Dumbarton Oaks has an exhibition on medieval gardens (through July 31). [I love how Dumbarton Oaks constantly reshuffles its collection to entice new visitors. Not that there’s any reason to do so. Beatrix Farrand’s design for the grounds is perfect and speaks for itself. It is still one of my favorite places to wander around, even a decade after the first time I visited. —Nic]
Out in the Maryland suburbs, Glenstone has put up a Kara Walker installation. [I’ve always thought that Walker is kitsch. I will forever associate her with that one Detroyer song which Dan Bejar admits was basically thrust on him and has nothing to do with Walker, with whom he was unfamiliar: “I like the idea of the song being about her, even though I know very little about her work, and even less about her as a person, and I don’t think it’s about her, any more than it’s about me.” —Nic]
Upcoming book:
April 18 | Rizzoli
Giorgio de Chirico: Life and Paintings
by Fabio Benzi
From the publisher: This is the most comprehensive volume probing the life and work of the modern art icon Giorgio de Chirico.

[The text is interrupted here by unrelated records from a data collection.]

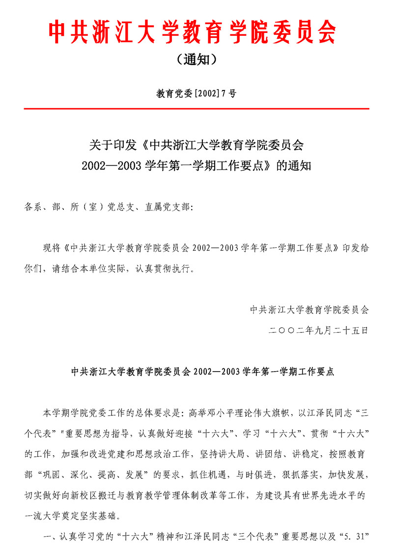 教育党委[2002]7号 关于印发《中共浙江大学教育学院委员会2002-2003学年第一学期工作要点》的通知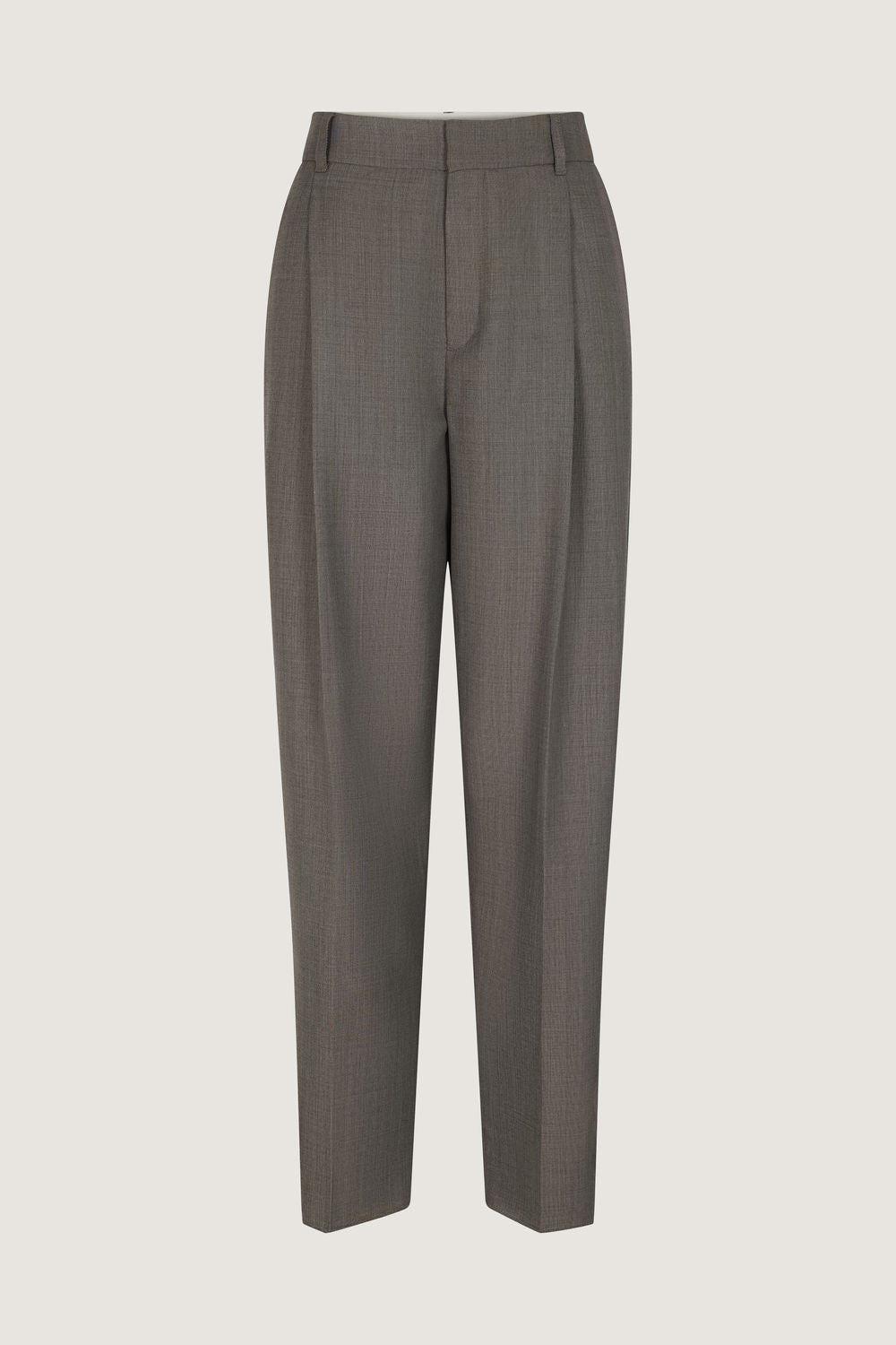 JOHN est un pantalon taille haute confectionné dans un lainage très fin et légèrement brillant (Super 120s).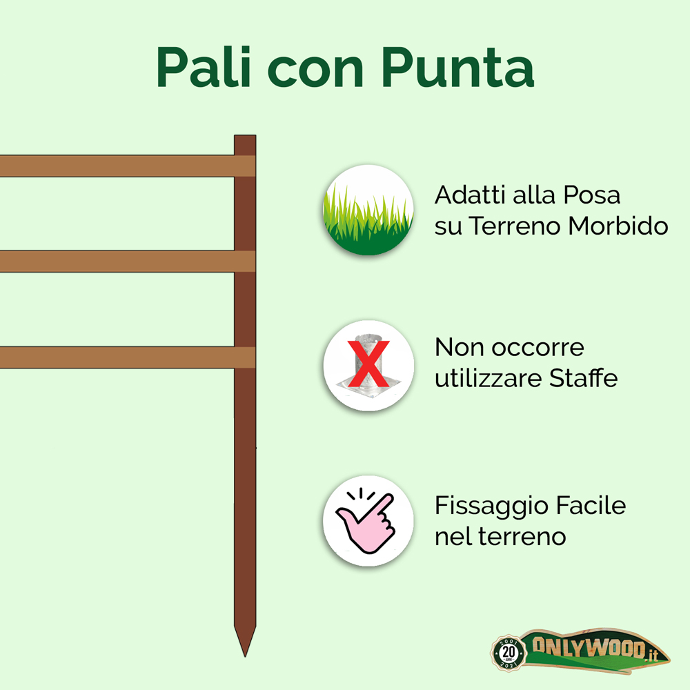 I pali montanti della staccionata per cavalli hanno lavorazione con Punta, ideale per il fissaggio su Terreno o Superficie Morbida. Occorre interrare il palo di 50 cm (considera che così la Staccionata in legno avrà un’altezza fuori terra di 100 cm).

Giorgio de Chirico was one of the most controversial and consequential artists of the twentieth century—a key member of the Paris avant-garde, he was a major influence on other artists, especially the nascent surrealists. His repertoire of motifs—empty arcades, elongated shadows, mannequins, trains—created images of forlorn emptiness that became iconic.
Artists inspired by de Chirico’s early work include Yves Tanguy, Pablo Picasso, Max Ernst, Salvador Dalí, and René Magritte. His influence also extended beyond painting and included writers and poets Guillaume Apollinaire, André Breton, John Ashbery, and Sylvia Plath, filmmakers Jacques Prévert and Michelangelo Antonioni, and even David Bowie, who admired de Chirico’s genderless tailors’ dummies that inspired his music videos.
After the Great War, he turned toward neoclassicism and bitterly fell out with the surrealists and the mainstream modernist movement—in the process, becoming an outspoken outsider of the art world.
This in-depth examination of the artist’s life and work by the world’s foremost de Chirico authority is based on new archival research and offers a fresh view of de Chirico’s relationship with surrealism, fascism, forgery, and the European avant-gardes.